Wednesday, December 30, 2015

Sub-National Groups in Post-Soviet States Ever More Important and Radicalized, Kyrgyz Scholars Say

Paul Goble

            Staunton, December 29 – In Soviet times, Russian and Western scholars routinely talked about the competition among supra-national identities like the Soviet people, ethnic national identities supported by the authorities, and sub-national identities like tribes and clans that were supposed to fade away.

            With the end of supra-national identities like the Soviet people and the rise of national identities, most attention shifted to the latter, with ever less being given to sub-national groupings except for clans in parts of the North Caucasus and Central Asia and regions there and elsewhere.

            But as two political scientists from Kyrgyzstan point out, sub-national groupings have in fact become stronger and even more radicalized given the ways in which the post-Soviet states have developed; and they thus constitute obstacles to the further development of these countries unless steps are taken to contain them.

In a paper presented to a Bishkek congress at the end of November that has now been published, Azizbek Dzhusunbekov and Aygul Ilebayeva of the Institute of Philosophy and Political-Legal Research of the Kyrgyzstan Academy of Sciences focus on the situation in their country but extrapolate their findings to the post-Soviet region (

Many expected sub-national groups to continue to decline in importance given the rise of national identities and the impact of globalization, but the trend has been in exactly the opposite direction, they say, both because of what has happened in these societies since 1991 and because of how the leaders of these countries have behaved.

“The marginalization of major cities, the sharp growth of the share of the Kygyz population … and the catastrophic fall of living standards have given rise to affiliated mechanisms of the re-animation of traditional society and the archaic development of social ties and made possible the renaissance of sub-ethnoses and sub-ethnic relations in the form of clannic and ethno-regional identities, values and traditions.”

Over the last two decades, “the activation of ethnicity has been realized not only in the inter-relationships among various ethnoses but also among various structural parts of ethnic formations, the sub-ethnoses.

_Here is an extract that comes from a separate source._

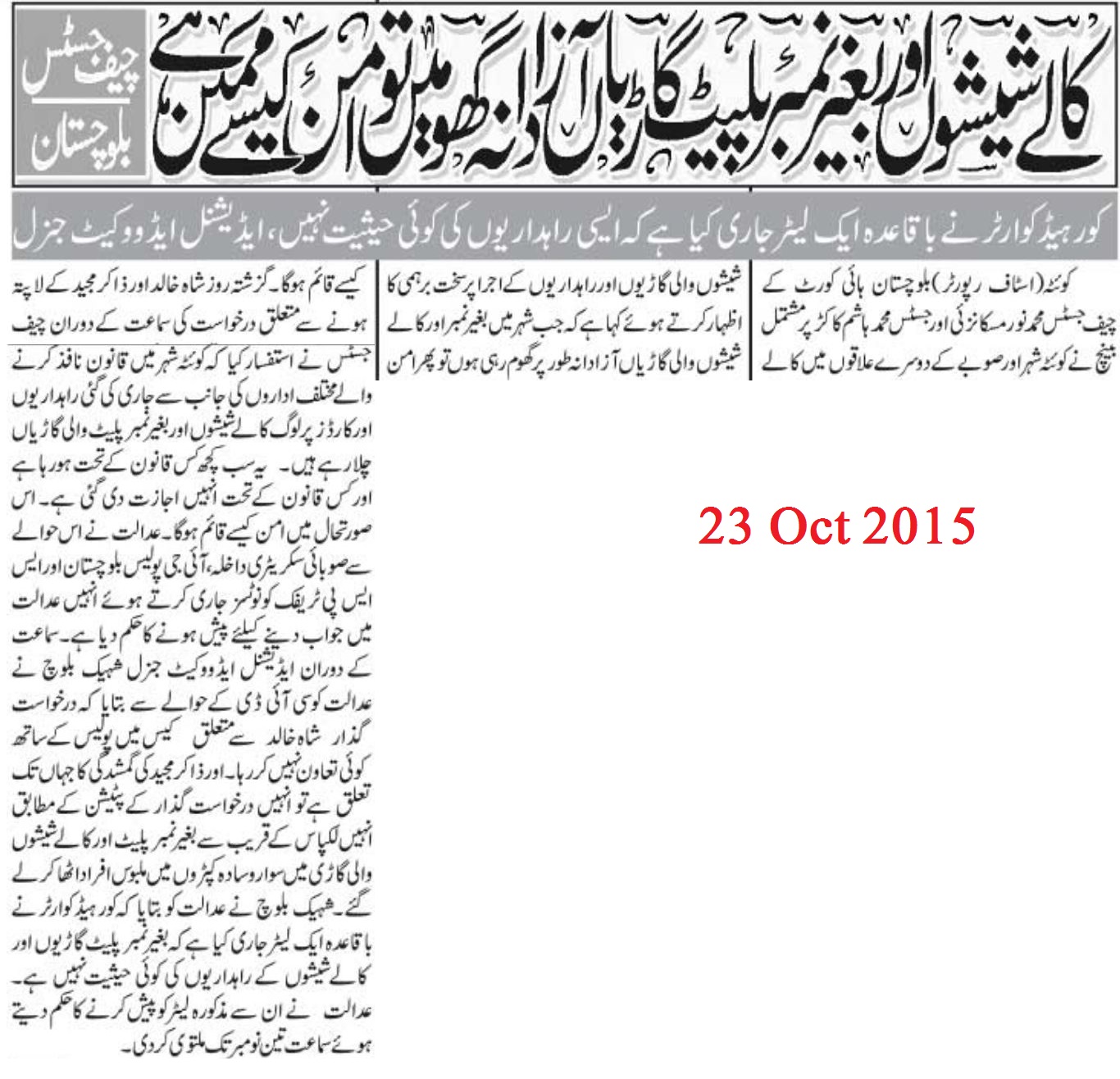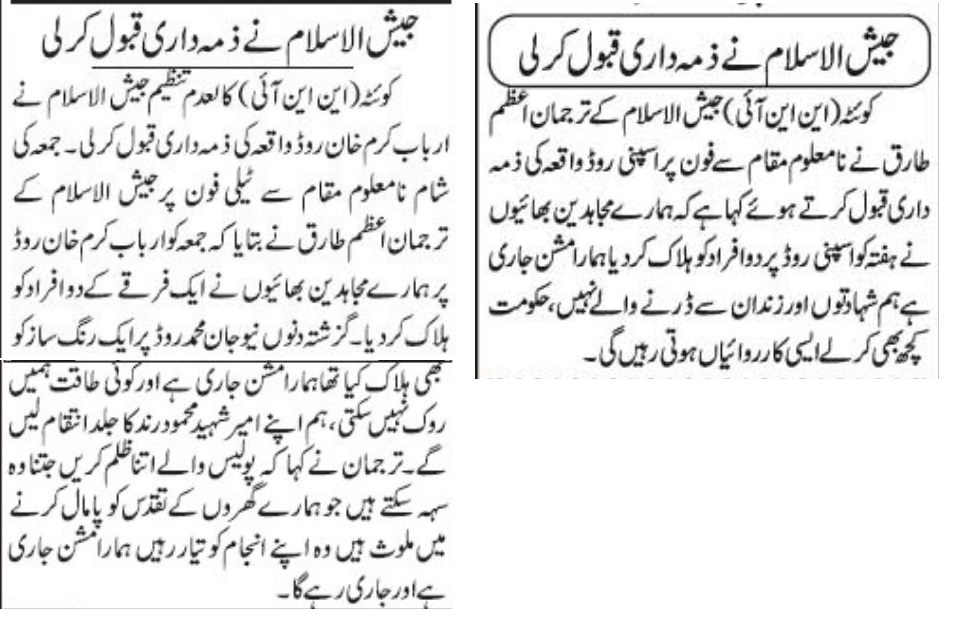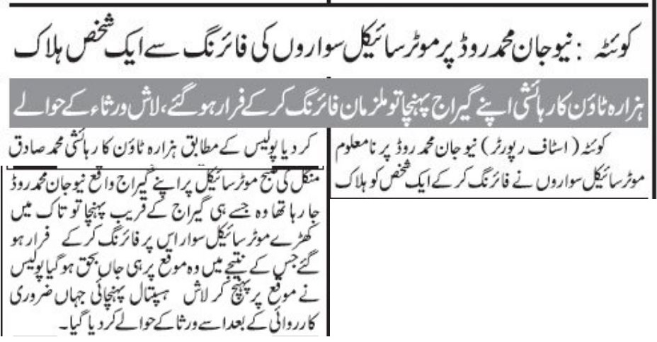 سول لائنز پولیس سٹیشن کے ایک اہلکار نے بتایا کہ دو افراد ایک گاڑی میں اسپنی روڈ سے گزر رہے تھے، جب ان کی گاڑی پہلوان بابا کے قریب پہنچی تو نامعلوم موٹر سائیکلوں سواروں نے گاڑی پر فائرنگ کر دی۔

Clear manifestations of the radicalization of intra-ethnic interrelations were the sub-ethnic conflicts in Tajikistan in the 1990s and in Ukraine now.”

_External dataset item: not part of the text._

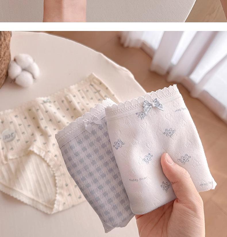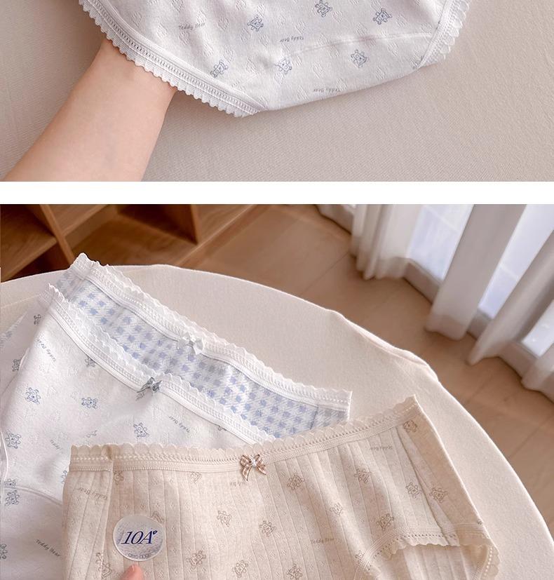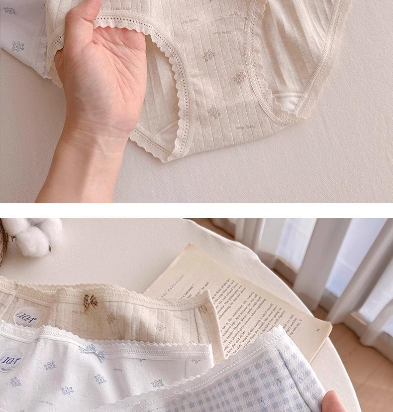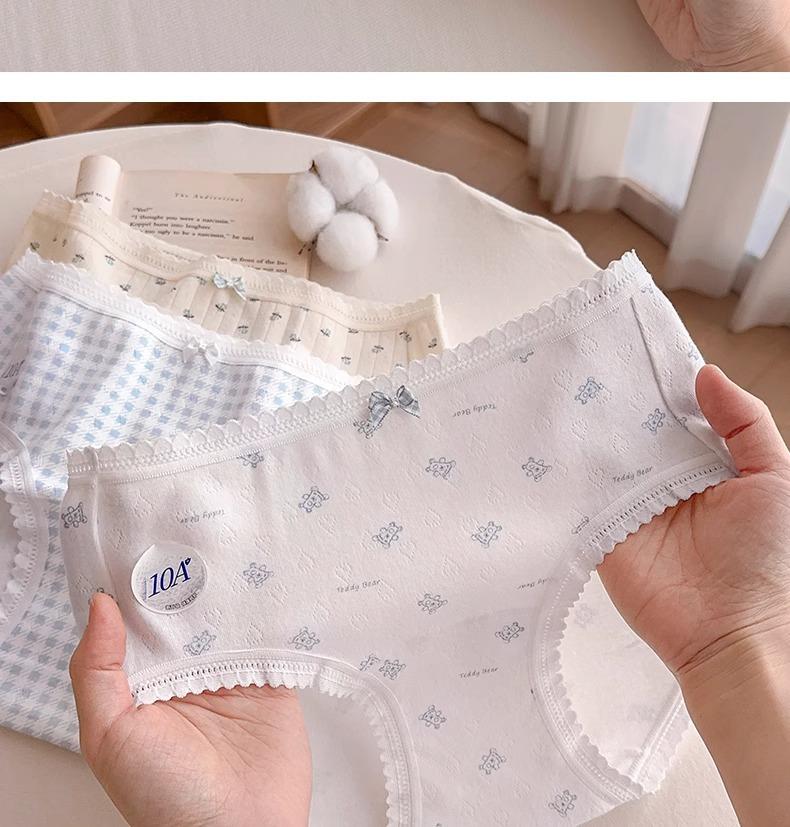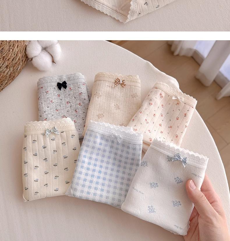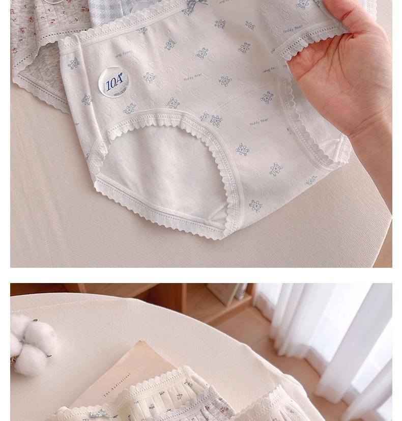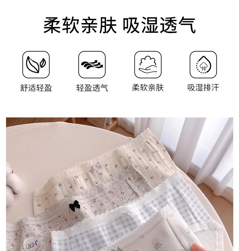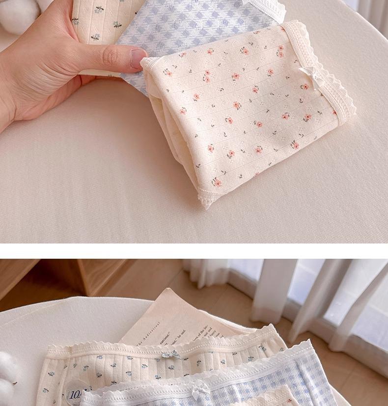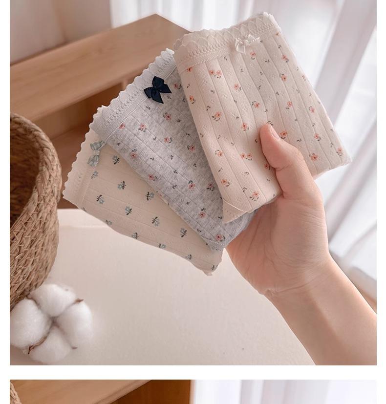 Calzones de Cintura Media Japoneses Florales para Niña Algodón Puro Suave Ceroso Amigable con la Piel Transpirable de Alta Elasticidad Amigable con la Piel para Mujer Algodón Puro
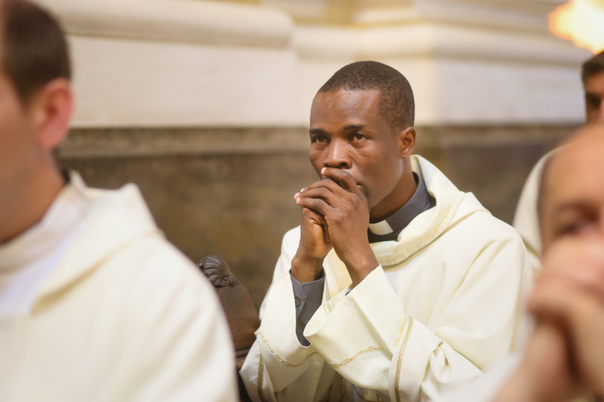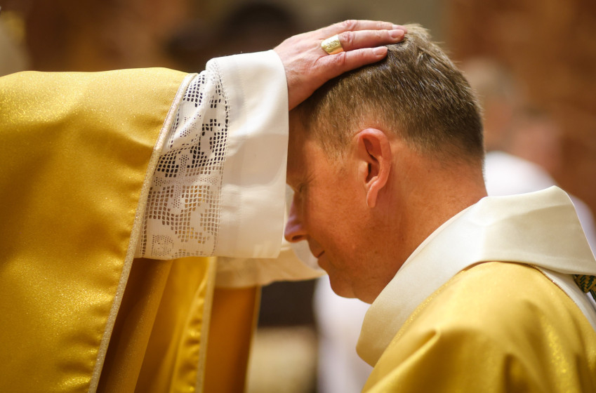 A homília után a jelölt ígérettételével folytatódott a szertartás. Ezt követően a jelenlévők elimádkozták a Mindenszentek litániáját, majd a kézrátétel és a felszentelő ima következett, melynek elimádkozása alatt az evangéliumos könyvet a szentelendő feje fölé helyezte Riesz Benedek, az Esztergom-Budapesti Főegyházmegye diakónusa és Lehoczki Gábor, a Kaposvári Egyházmegye állandó diakónusa.

The consolidation of the Kyrgyz ethno-nation was not complete “at the start of the transition from the administrative-command system to a democratic society with a market economy” and that allowed for “the rapid enlivening of intra-ethnic structures in the form of family and clannic formations and ethno-regional communities.”

In Kyrgyzstan, they write, “the radicalization of sub-ethnic relations led to major sub-ethnic conflicts in March 2005 and April 2010.” They threatened the territorial integrity of the state, but they must become the basis for a new set of power-sharing arrangements if the country is to develop.

There are various ways to classify the sub-ethnic groups, some by residence, others by territory or culture, and still others by the way in which they have evolved with the shifting ethnic balance in the country and among elites which makes the Kyrgyz-Russian divide less important and divisions with the Kyrgyz nation more significant.

The growth in the importance of sub-ethnic relations has reached such a point, the two scholars say, that across the post-Soviet world, “subethnic groups can influence the formation of mechanisms of state administration” given that leaders often choose people they know without regard to expertise or a balance among such groups, thus giving rise to conflicts.

In some, this takes the form of regionalism; in others, clans and tribes, and among peoples who were formerly nomadic or semi-nomadic in Central Asia, the North Caucasus, the Middle Volga and Southern Siberia, it assumes the form of tribalism or family clan-based sub-ethnic communities.

On the basis of their research on Kyrgyzstan, the two scholars suggest seven reasons why the sub-ethnic formations have become more important: regional inequality, competition for resources, clans as the basis of choosing elites, backwardness in some regions, destruction of pre-existing arrangements, absence of leaders who understand the threat, low level of willingness to compromise with one another, and the lack or weakness of a national ideology.

At present, they continue, “stability in Kyrgyz society depends not only on inter-ethnic but also sub-ethnic relations and on cooperation of ethno-territorial elites who are the defenders and promoters of the interests of the subethnos groups and enjoy a certain authority in them.”  And to that end, they suggest three steps Bishkek should take.

First, they say, there must be formed an ethno-political elite which expresses pan-Kiyrgyz interests and no simply the views of one sub-ethnic or family clan group.  Second, all sub-ethnic groups must have “real” representation in government structures. And third, there needs to be a presidential council in which their leaders are represented.